The first thing I looked for was how to install a device driver. I found this, which was very helpful:
https://www.cryer.co.uk/brian/windows/hyper-v-server/how_to_update_device_drivers.htm

After that, I went looking for the driver to install and found I had a bigger problem. There wasn’t one available.
Figuring out what to do next, I came across this guy from a few years back with the same problem:
https://community.spiceworks.com/topic/2132496-standalone-hyper-v-server-2016-no-active-network-adapter-found

He didn’t seem to resolve it, but pointed me to this guy, who got Intel drivers working for a different unsupported network adapter:
https://jayrbarrios.com/2014/11/19/intel-nuc-d54250wykh-installing-lan-driver-on-windows-hyper-v-server-2012-r2/

It took a bit of trial and error but I got the gist what he’d done enough to adapt it to my system.

I downloaded the Intel drivers from here:
https://www.intel.com/content/www/us/en/download/19372/intel-network-adapter-driver-for-windows-server-2019.html

Note that the I211-AT isn’t on the list there.

Going back to the first link, there’s a utility that lets you see devices similar to what the Device Manager shows on a regular Windows installation. You can get it here: http://www.nirsoft.net/utils/device_manager_view.html

Using that, I found my ethernet adapter listed and could see what the system saw it as. It was this:

The important bit is the Device Instance ID.

I searched through the pile of stuff in the Intel driver package and found an entry very similar in e1r65x64.inf in the [Intel.NTamd64.10.0.1] section.

%E1539NC.DeviceDesc% = E1539.10.0.1, PCI\VEN_8086&DEV_1539

Looking at what the guy with the NUC did, I added a line below it to match what mine showed up as:

%E1539NC.DeviceDesc% = E1539.10.0.1, PCI\VEN_8086&DEV_1539&SUBSYS_85F01043

I then copied both lines down to the next section as suggested. So at the bottom of the list for [Intel.NTamd64.10.0] I added these:

%E1539NC.DeviceDesc% = E1539.10.0.1, PCI\VEN_8086&DEV_1539
%E1539NC.DeviceDesc% = E1539.10.0.1, PCI\VEN_8086&DEV_1539&SUBSYS_85F01043

Here’s what it looks like. Note that I kept the 10.0.1 bit in the middle. On my first attempt I thought I was clever and removed it to match the rest of the lines in this section. It didn’t work.
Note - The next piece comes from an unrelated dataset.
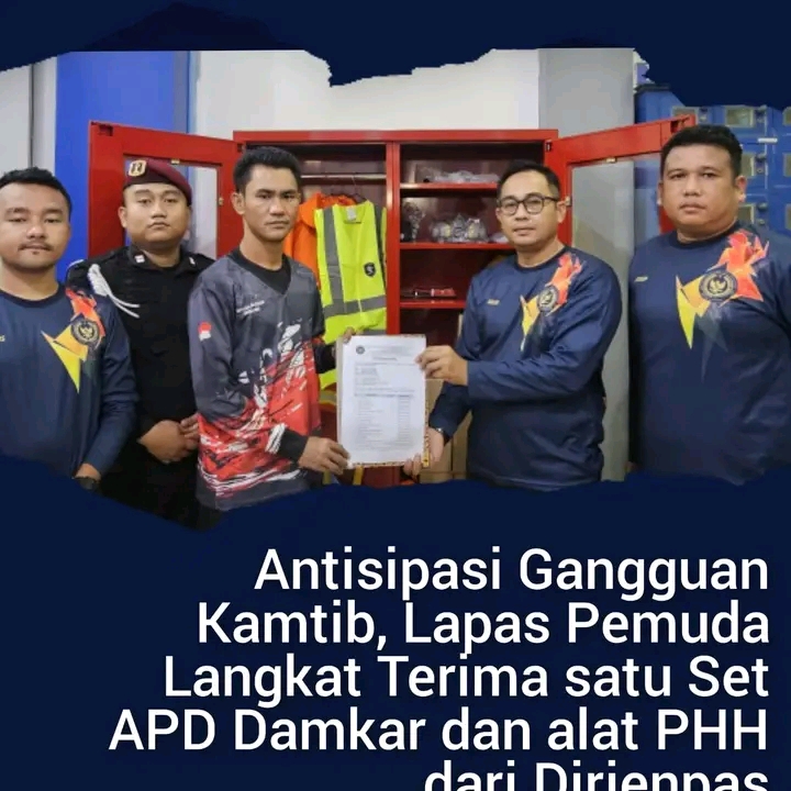 TIMELINES INEWS INVESTIGASI, Langkat 06 September 2025 Lapas Pemuda Langkat menerima tambahan sarana pengamanan berupa satu set Alat Pemadam Kebakaran (APAR) beserta satu lemari Alat Pelindung Diri (APD) dan 10 Set Alat Pengamanan Pasukan Huru Hara ( PHH ) dari Direktorat Jenderal Pemasyarakatan.

Then I followed the rest of the instructions as follows:

I copied the whole NSID65 folder, with my modified inf file, to the server and ran the following commands:

bcdedit /set LOADOPTIONS DISABLE_INTEGRITY_CHECKS
bcdedit /set TESTSIGNING ON
bcdedit /set nointegritychecks ON

Then I rebooted the server.

shutdown /r /t 0

When it came back up, I installed the driver using this command:

pnputil –i –a C:\NDIS65\e1r65x64.inf

You’ll get a warning about it being potentially tampered with. Well… yeah. I just tampered with it.

Choose to install it anyway.

Hopefully it will be successful this time. It was for me.
Now run these commands to turn the driver enforcement back on.

bcdedit /set LOADOPTIONS ENABLE_INTEGRITY_CHECKS
bcdedit /set TESTSIGNING OFF
bcdedit /set nointegritychecks OFF

Now reboot again, and it should be good to go!

Drop a comment if this helped you. I hope at least someone is saved a lot of frustration with this.